Fortunately, it doesn’t have to cost a lot of money for you to build and maintain connections with current and potential customers. For example, you can use Twitter lists to follow specific types of people or content, and to join relevant conversations.
The following are five ways you can start using Twitter lists to build relationships that could turn into sales.
1. Engaging with Prospective Customers
To get started, create lists of Twitter users who fit your target customer profile. You don’t have to follow them and they don’t have to follow you in order for you to add them to a public or private Twitter list.
You can monitor the tweets published by users on this list and jump into conversations as appropriate. Don’t sell!

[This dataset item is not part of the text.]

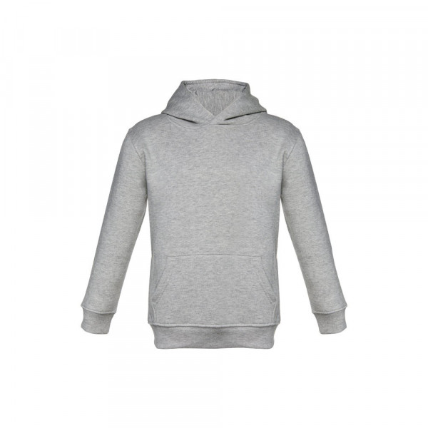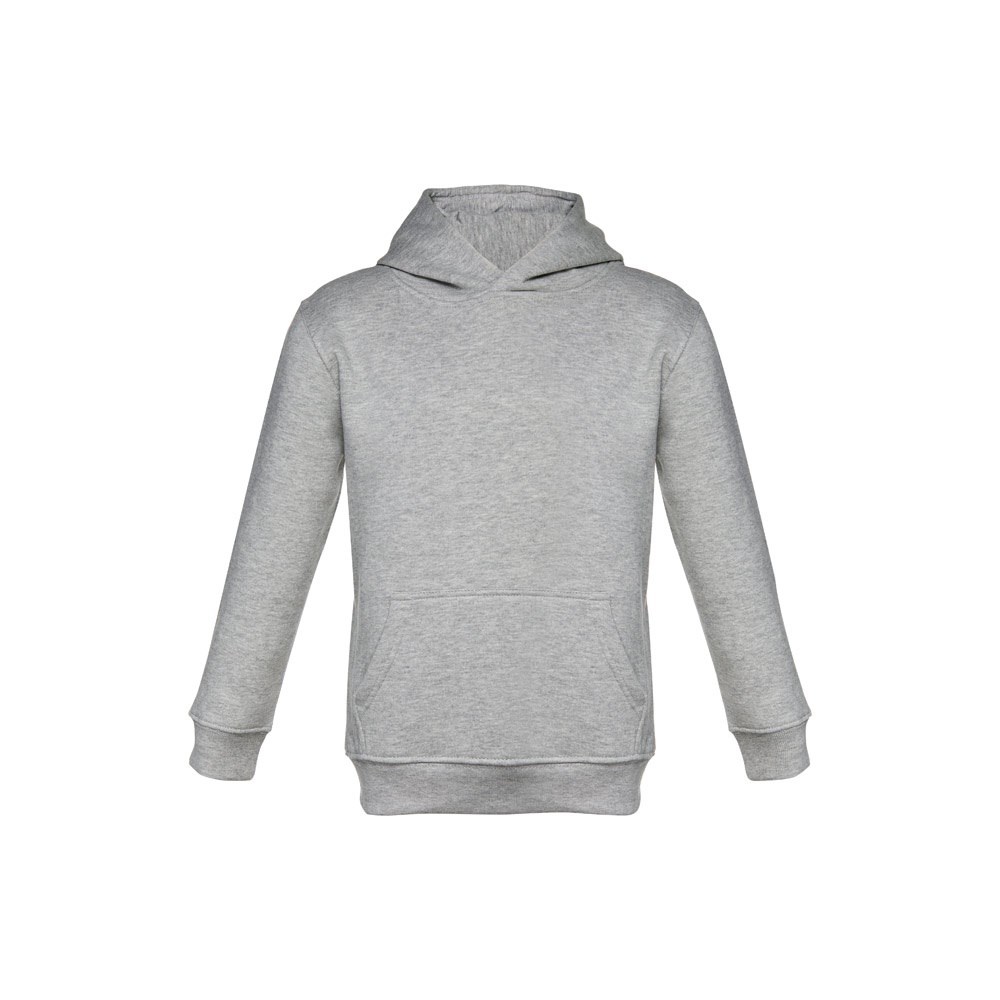 Sweatshirt met capuchon voor kinderen (unisex). Van 50% katoen en 50% polyester (320 g/m²) met gekaarde binnenkant. Met jersey gevoerde capuchon die voldoet aan de veiligheidsnormen van de Europese Unie. Sweatshirt met buidelzak en 1x1 rib mouwen en tailleband. Maten: 2, 4, 6, 8, 10, 12

Instead, add useful information to the conversations happening, and you’ll start building relationships with prospects that can turn into sales later.
2. Interacting with Current Customers
You can also create a Twitter list of your current customers and monitor their questions, referrals, etc.
Be sure to acknowledge when a current customer says something positive about your business! Even if they don’t include your Twitter username, you’ll see their tweets if you have them in a smaller, easier to manage, Twitter list.
3. Monitoring Competitors
Don’t be afraid to create a private Twitter list to monitor your competitors. You never know what opportunities you might spot!
Keep Twitter lists that you’re using for monitoring private, but lists that you want to use as a way to recognize other people can be public.
4. Listening and Communicating with Wider Audiences for Word-of-Mouth Marketing
Remember, Twitter lists can be used to build relationships with a wide variety of people. For example, the relationships you build through a Twitter list filled with key members of your local community, online influencers of your target audience, or journalists who write about the types of products or services your business provides, could all lead to word-of-mouth marketing that drives sales.
5. Subscribing to Lists Created by Other Twitter Users
You can follow public lists created by any other Twitter user simply by visiting their profile and selecting from the lists they’ve created. When you find a list you like, there is no need to recreate it. Just click the Subscribe button, and you’ll be able to monitor the list.
Keep in mind that when you subscribe to a list, it appears publicly on your Twitter profile. If you don’t want anyone else to know that you’ve subscribed to a specific list, you’ll need to recreate it as your own list and make it private.
How do you use Twitter lists to build relationships that turn into sales for your small business? Leave a comment below and share your tips.
I am blogging on behalf of Visa Business and received compensation for my time from Visa for sharing my views in this post, but the views expressed here are solely mine, not Visa’s. Visit http://facebook.com/visasmallbiz to take a look at the reinvented Facebook Page: Well Sourced by Visa Business. The Page serves as a space where small business owners can access educational resources, read success stories from other business owners, engage with peers, and find tips to help businesses run more efficiently. Every month, the Page will introduce a new theme that will focus on a topic important to a small business owner’s success. For additional tips and advice, and information about Visa’s small business solutions, follow @VisaSmallBiz and visit http://visa.com/business.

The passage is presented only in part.